### Source material
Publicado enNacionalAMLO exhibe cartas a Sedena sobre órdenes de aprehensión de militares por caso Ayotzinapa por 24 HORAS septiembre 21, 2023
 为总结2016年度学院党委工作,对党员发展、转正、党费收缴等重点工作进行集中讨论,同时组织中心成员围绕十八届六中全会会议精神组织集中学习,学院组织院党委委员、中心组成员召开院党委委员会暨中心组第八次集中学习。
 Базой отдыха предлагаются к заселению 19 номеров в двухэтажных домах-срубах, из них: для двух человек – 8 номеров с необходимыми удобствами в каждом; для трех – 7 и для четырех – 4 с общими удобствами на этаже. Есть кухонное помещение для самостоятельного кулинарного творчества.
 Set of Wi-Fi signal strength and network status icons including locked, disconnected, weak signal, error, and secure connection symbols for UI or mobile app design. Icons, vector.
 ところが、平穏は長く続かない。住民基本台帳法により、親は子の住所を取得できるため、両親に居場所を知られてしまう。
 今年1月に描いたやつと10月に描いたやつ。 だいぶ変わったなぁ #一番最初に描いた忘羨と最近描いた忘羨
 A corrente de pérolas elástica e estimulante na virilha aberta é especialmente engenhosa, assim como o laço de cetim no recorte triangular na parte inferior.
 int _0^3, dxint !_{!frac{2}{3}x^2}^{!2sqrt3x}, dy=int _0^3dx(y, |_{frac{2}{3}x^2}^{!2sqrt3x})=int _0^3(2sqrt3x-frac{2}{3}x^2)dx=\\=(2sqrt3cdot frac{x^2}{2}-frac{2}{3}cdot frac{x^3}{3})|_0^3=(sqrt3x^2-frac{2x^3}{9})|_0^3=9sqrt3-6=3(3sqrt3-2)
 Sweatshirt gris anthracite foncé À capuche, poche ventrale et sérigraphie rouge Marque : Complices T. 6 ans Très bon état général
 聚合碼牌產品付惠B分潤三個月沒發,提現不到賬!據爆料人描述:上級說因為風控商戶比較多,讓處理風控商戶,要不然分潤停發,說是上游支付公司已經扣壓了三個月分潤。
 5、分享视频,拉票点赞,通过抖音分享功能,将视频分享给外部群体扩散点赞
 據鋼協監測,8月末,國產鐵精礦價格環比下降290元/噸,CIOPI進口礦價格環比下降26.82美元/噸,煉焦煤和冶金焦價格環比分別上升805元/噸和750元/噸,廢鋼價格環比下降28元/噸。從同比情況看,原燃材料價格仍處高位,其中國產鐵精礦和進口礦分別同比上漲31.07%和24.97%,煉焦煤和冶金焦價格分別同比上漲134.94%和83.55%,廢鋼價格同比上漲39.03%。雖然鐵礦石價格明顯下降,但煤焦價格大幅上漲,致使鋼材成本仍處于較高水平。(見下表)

### What the exercise asks
Quote the records above exactly, from the first line through the line containing "今年1月に描いたやつと10月に描いたやつ。 だいぶ変わったなぁ #一番最初に描いた忘羨と最近描いた忘羨", and nothing more.

### Response area
Publicado enNacionalAMLO exhibe cartas a Sedena sobre órdenes de aprehensión de militares por caso Ayotzinapa por 24 HORAS septiembre 21, 2023
 为总结2016年度学院党委工作,对党员发展、转正、党费收缴等重点工作进行集中讨论,同时组织中心成员围绕十八届六中全会会议精神组织集中学习,学院组织院党委委员、中心组成员召开院党委委员会暨中心组第八次集中学习。
 Базой отдыха предлагаются к заселению 19 номеров в двухэтажных домах-срубах, из них: для двух человек – 8 номеров с необходимыми удобствами в каждом; для трех – 7 и для четырех – 4 с общими удобствами на этаже. Есть кухонное помещение для самостоятельного кулинарного творчества.
 Set of Wi-Fi signal strength and network status icons including locked, disconnected, weak signal, error, and secure connection symbols for UI or mobile app design. Icons, vector.
 ところが、平穏は長く続かない。住民基本台帳法により、親は子の住所を取得できるため、両親に居場所を知られてしまう。
 今年1月に描いたやつと10月に描いたやつ。 だいぶ変わったなぁ #一番最初に描いた忘羨と最近描いた忘羨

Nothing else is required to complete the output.